Thus ISP is a suitable method for recovery proteins from SPBs and microalgae and has advantages, such as the process being simple and scalable to pilot and industrial scales for different SPBs and microalgae [342,343]. Since the process can be conducted under mild conditions (4 °C, pH 6.5–11.5), recovered proteins are if high quality and can be used for the production of functional food [344], functional ingredients [345] or nutraceutical components [344]. Recovered fish and microalgal proteins through ISP displayed several functionalities [51,346], such as high oil/water binding and excellent film and gel forming capacities [347], solubility and foam stability [347], and stable emulsions [348]. Due to the selectively of the process, extracted proteins contain a low lipid content, offering a significant nutritional advantage as lipid oxidation is largely avoided [346]. Furthermore, presence of bio-toxic compounds, such as dioxin and polychlorinated biphenyls (PCBs), is significantly reduced by ISP [349] and reported toxic metal contamination is also very low compared to those using conventional extraction [19]. The above highlights that ISP extraction offers significant advantages for protein recovery from underutilised bioresources.

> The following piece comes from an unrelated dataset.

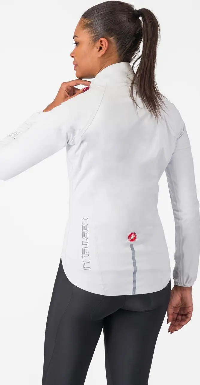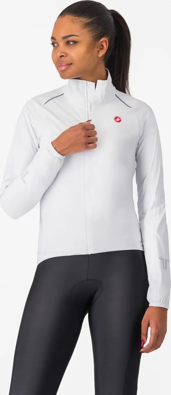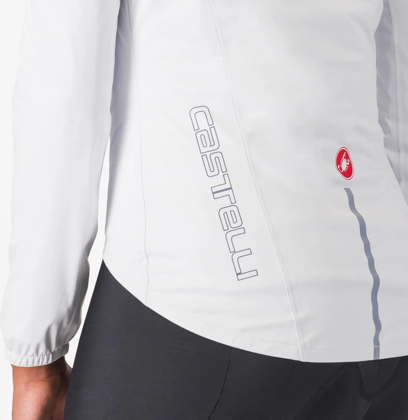 Vollständig wasserdichte 3-Schicht-Shelljacke, gut packbar mit Performance-Stretch-Passform Das neue 3-Schicht-Deluge-Material von Castelli mit 20.000 mm Wassersäule ist dünn und leicht für eine gute Verstaubarkeit Die gestrickte Polyester-Schicht im Inneren fühlt sich angenehm auf der Haut an Die Passform ist körpernah aber nicht eng und die Dehnbarkeit des Stoffes sorgt dafür, dass nichts abgeschnürt wird Sie ist sehr gut packbar und passt in eine Trikot-Tasche oder eine Bikepacking-Tasche Schutz vor Nässe den ganzen Tag lang durch Nähte mit Tape-Versiegelung Rundum-Reflektoren Wasserdichter Reißverschluss

5.2. Hydrolysis Processes for Production of Protein Hydrolysates, Peptides, and Amino Acids

Proteins and protein complexes in SPBs and microalgae can also be hydrolysed into polypeptides, peptides, and amino acids via chemical (acids or alkalis) or enzymatic reactions (fermentation or enzymatic hydrolysis).

5.2.1. Chemical Hydrolysis (Using Acids or Alkaline Extraction of Protein Hydrolysates, Biopeptides, Collagen, Gelatine, and Enzymes from SPBs and Microalgae)

Chemical hydrolysis cleaves protein peptide bonds and either acids or alkalis can be used. Acidic hydrolysis is more commonly used for fish protein recovery [350]. In acid hydrolysis, SPBs proteins are typically reacted with hydrochloric or sulfuric acid at high temperature and high pressure (128–131 °C, 220–310 MPa) [351]. The hydrolysate is then adjusted to pH 6.0–7.0, before it is concentrated or dried to obtain a protein paste or powder. Despite producing protein hydrolysates with good solubility, high content of salt generated by neutralisation combined with loss of nutrients such as essential amino acids (i.e., tryptophan) during hydrolysis render the products inappropriate for food applications. Similarly, hydrolysis of SPBs using alkali reactants (primarily sodium hydroxide) produces hydrolysed products with poor functionality and nutritional quality. This is indicated by the loss of nutrients (cysteine, serine, and threonine) via β-elimination reactions and formation of several undesirable substances (lysino-alanine, ornithine-alanine, lanthionine, and β-amino alanine) in the products [32]. In addition, L-amino acids are transformed into d-amino acids which are not absorbed by humans [352]. With such limitations of acidic and alkaline hydrolysates on quality, hydrolysed products derived from chemical hydrolysis are suitable for production of fertilisers [32,353]. Despite, chemical hydrolysis is still being used in industry for production of commercial peptides and protein hydrolysate complexes containing aromatic compounds from SPBs because the process is simple and inexpensive [64].

5.2.2. Autolytic Hydrolysis (Fermentation)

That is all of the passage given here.